Mind you, as someone else mentioned, some folks spend 6 years in the industry and don't gain the knowledge and experience you already have, but that doesn't mean you've attained 6 years worth of knowledge and experience.

1 comments

I don't claim to be as good as someone with six years of experience (I'm not delusional). Nor am I claiming that there are no companies that need to hire senior engineers. I'm well aware of many types of problems for which I am not qualified to solve. What I am asking is, does EVERY company need to exclusively hire senior engineers? I've interviewed at companies whose product was not much more than a CRUD app, and, despite performing fairly well in a technical assessment, was rejected for lack of experience (even though they could see how much experience I had right on my resume).

Most companies don't need the best of the best of the best.

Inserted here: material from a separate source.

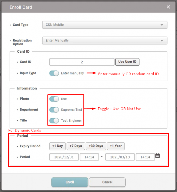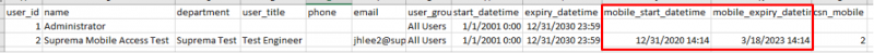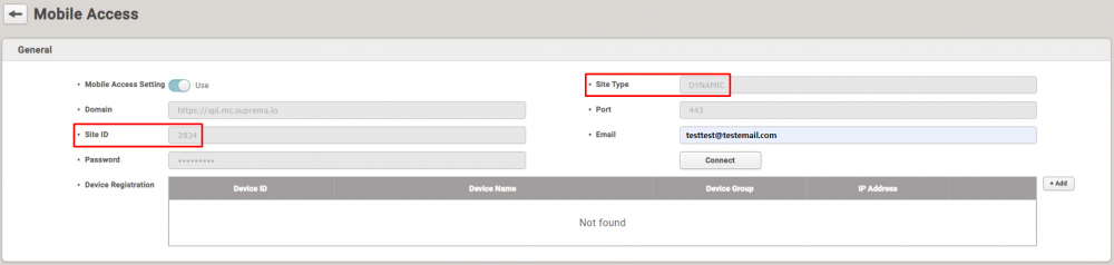 Old revisions Add to book Export to PDF Fold/unfold all Book Creator Add this page to your book Book Creator Remove this page from your book Manage book (0 page(s)) Help This is an old revision of the document! Supports Dynamic Site Configuration Suprema officially supports Suprema Mobile Access Dynamic Site from BioStar 2.8.9. Dynamic Site Policy Dynamic Site allows you to reissue, revoke, or stop mobile access cards or specify the expiration date of it. It deducts credits according to the period of use or devices. Dynamic can be used in gyms, libraries, or shared facilities where it provieds membership services. The BioStar 2 server needs to be connected to the Internet and run ONLY when issuing or deleting a Dynamic Card. Mobile devices for which Dynamic Cards have been issued must ALWAYS be connected to the Internet. In unavoidable cases, a maximum exception time of 5 minutes is allowed, but after that, it will be marked as network disconnected and the access card cannot be used. There is only one site that can be registered in BioStar 2> Settings> Mobile Access. Dynamic Site and Regular Site cannot be connected together in one BioStar 2 server. If you create a Dynamic Site on Airfob Portal, you can issue a Suprema Mobile Access card for free for 1 MONTH without purchasing a license. When the free trial period has expired, and if you have not purchased a separate credit for the Dynamic Site, you will be notified as follows: BioStar 2 : Alert message will show if administrator tries to issue or delete mobile access card. (The site is currently under payment required status. Please change the site's credit from the Airfob Portal and try again.) Airfob Portal : Free expiration email sent to Dynamic Site administrator account. Airfob Pass : Card issued at Dynamic Site is changed to suspended status The credit deduction method of Dynamic site is different from Regular. Card Issuance Limitation Unlimited Credit Deduction Policy 1 Credit deduction per device registered Billing Method Monthly *Contact Sales Representative for further details.(Link) Detailed description about difference between Dynamic Site and Regular Site:Related Article If the dynamic site is connected, when the Mobile Access Card is issued, the message about credit deduction is NOT confirmed. (Same for both issuing directly from the user page and issuing through CSV.) If the dynamic site is connected, it is necessary to enter the expiration date of the Mobile Access Card. When batch issuing a Mobile Access Card of Dynamic Site through CSV Import, the import FAILS if there is no information about the start and end date of the validity period for the card. After creating a dynamic site, even if a device is added, the credit is verified as 0. Even if the credit is 0, you CAN proceed with issuing and authenticating a Mobile Access Card for the Dynamic Site for free for 1 MONTH. How To Issue Dynamic Card Step 1> Go to the Airfob Portal and create a Dynamic Site. (Airfob Portal : https://mc.mocainc.com/signin) How to create Airfob Portal Site (Related Article) Step 2> Go to BioStar 2 > Settings > Mobile Access and connect with your Dynamic Site you created at Step 1. Step 3> Go to BioStar 2 > Settings > Mobile Access and add your device which supports Suprema Mobile Access. Confirm your device is right model and right firmware version. Related Article: Supported Devices List of Mobile Access Device list in the Airfob Portal will be automatically updated. Step 4> Add a user from the BioStar 2> User menu. Essentials: Name and email address Optional: User profile image, department, job title information Step 5> Enroll Mobile Access Card. Can choose between manually enter card ID or use random card ID. Can choose whether you will refer profile photo, department and job title. (ONLY can choose when you enroll user with each item.) Need to configure valid period for Mobile Access Card in Dynamic Site. Step 6> After completing the card issuance in BioStar 2, access the Airfob Portal to check if the card issuance was successful. Before Activation : Mobile Access Card download link is sent to the user and the download has not yet been received. Activated : The user has downloaded the Mobile Access Card to the mobile phone. Step 7> Open the mailbox on your phone and download the Mobile Access Card. There are two ways to download: 1. Click the download button in the mail. (Related Article) 2. Use an activation code. (Related Article) Need to configure valid period for Mobile Access Card in Dynamic Site. Step 8> Turn on the phone's NFC or BLE function and authenticate the Mobile Access Card to the device registered in Step 3. You can check the user authentication log in BioStar 2> Monitoring.

They can save a lot of time and money by hiring someone who, with just a little bit of investigation, they know is going to come in with some decent technical skills, and can quickly learn to become a valuable asset.

Companies with that mindset invest heavily in interns: you get a three-month work sample in your working environment & can (initially) offer them less than an experienced engineer.

Most companies have problems they needs solving right now or in the near future, not when an intern gets experienced enough to tackle it.

> come in with some decent technical skills, and can quickly learn to become a valuable asset

This sounds like you described a consultant.